= Garry Rush =

Garry Frederick Rush (born July 5, 1944) is a retired Australian professional motor racing driver. Born in the New South Wales town of Camden, he competed in Sprintcars, Speedcars, NASCAR, Formula Ford and Touring cars in a 40 year career. Rush won a record 10 Australian Sprintcar Championships and seven Grand Annual Sprintcar Classics at Premier Speedway, Warrnambool.

==Australian Racing Career==
Rush started racing near his residence of Auburn, New South Wales in a Stock Rod at Westmead Speedway in 1964. After crashing out of several events, he accepted a drive in a midget speedcar. He moved up to a Super Modified and won the 1966 NSW championship.

In his 28 appearances in the Sprintcar national championships between the years of 1966 and 1998, Rush won ten titles.
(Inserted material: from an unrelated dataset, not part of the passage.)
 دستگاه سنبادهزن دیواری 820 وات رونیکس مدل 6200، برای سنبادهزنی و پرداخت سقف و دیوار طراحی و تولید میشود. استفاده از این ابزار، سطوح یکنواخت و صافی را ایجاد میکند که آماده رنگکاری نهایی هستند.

He was runner-up three times and finished third on five occasions, resulting in finishing on the podium over 64 percent of the time.

==Other Racing==
Rush raced in a 1988 NASCAR Cup Series race (the 1988 Goodyear NASCAR 500) at Calder Park Thunderdome in Melbourne, Victoria. Rush competed in several Bathurst 1000, with a best finish of ninth.
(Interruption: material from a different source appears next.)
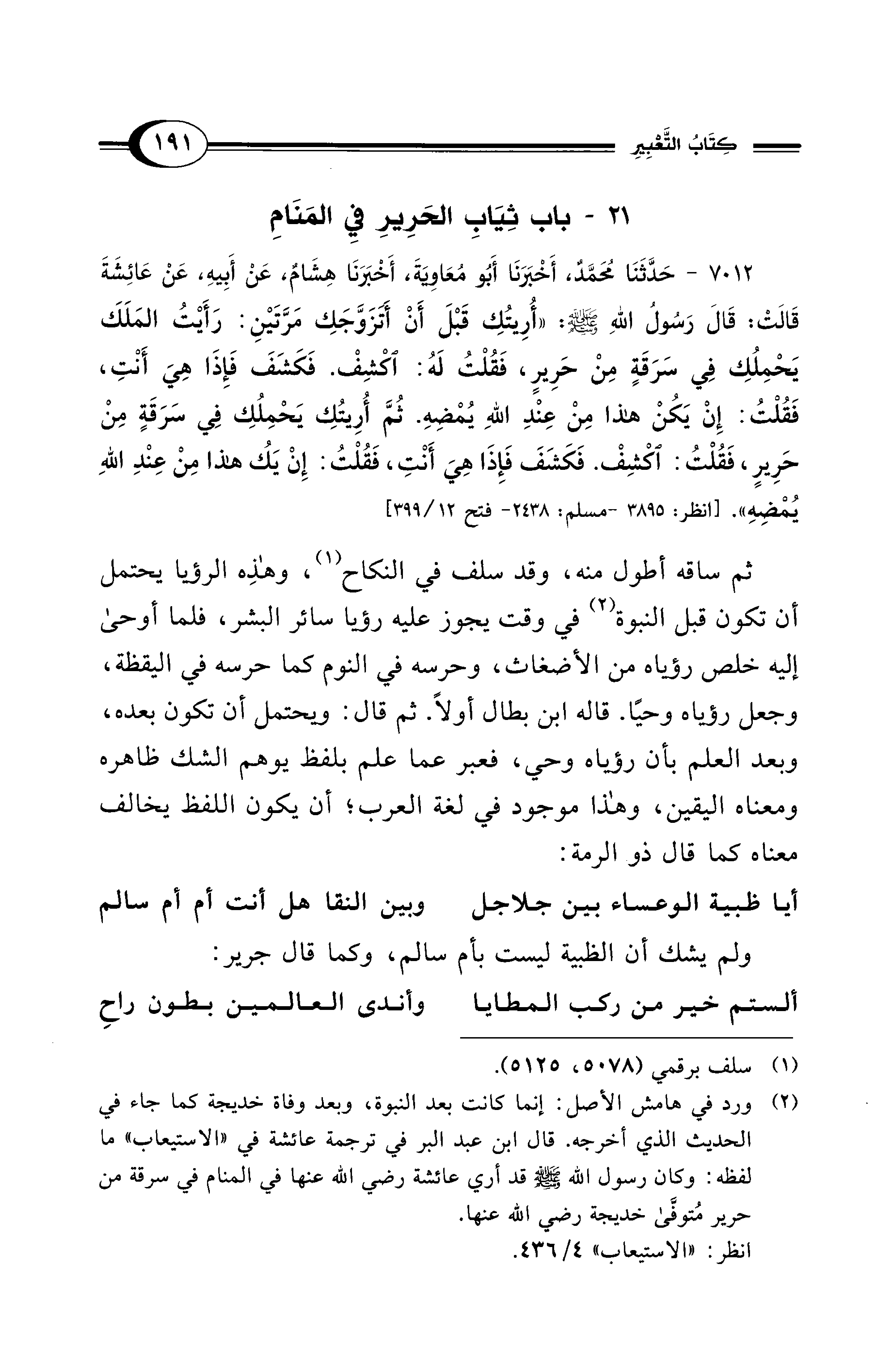 (¬2) ورد في هامش الأصل: إنما كانت بعد النبوة، وبعد وفاة خديجة كما جاء في الحديث الذي أخرجه. قال ابن عبد البر في ترجمة عائشة في "الاستيعاب" ما لفظه: وكان رسول الله - صلى الله عليه وسلم - قد أري عائشة - رضي الله عنها - في المنام في سرقة من حرير مُتوفَّى خديجة - رضي الله عنها -.

Rush spent some time racing Sprintcars and Super Modifieds in the United States. He helped bring some American drivers to race in Australia.

After retiring from racing, Rush became a part-owner Granville Speedway (now Sydney Speedway).

==Halls of Fame==
Rush was inducted into the Australian Speedway Hall of Fame in 2007 and the Australian Motor Sports Hall of Fame in 2016.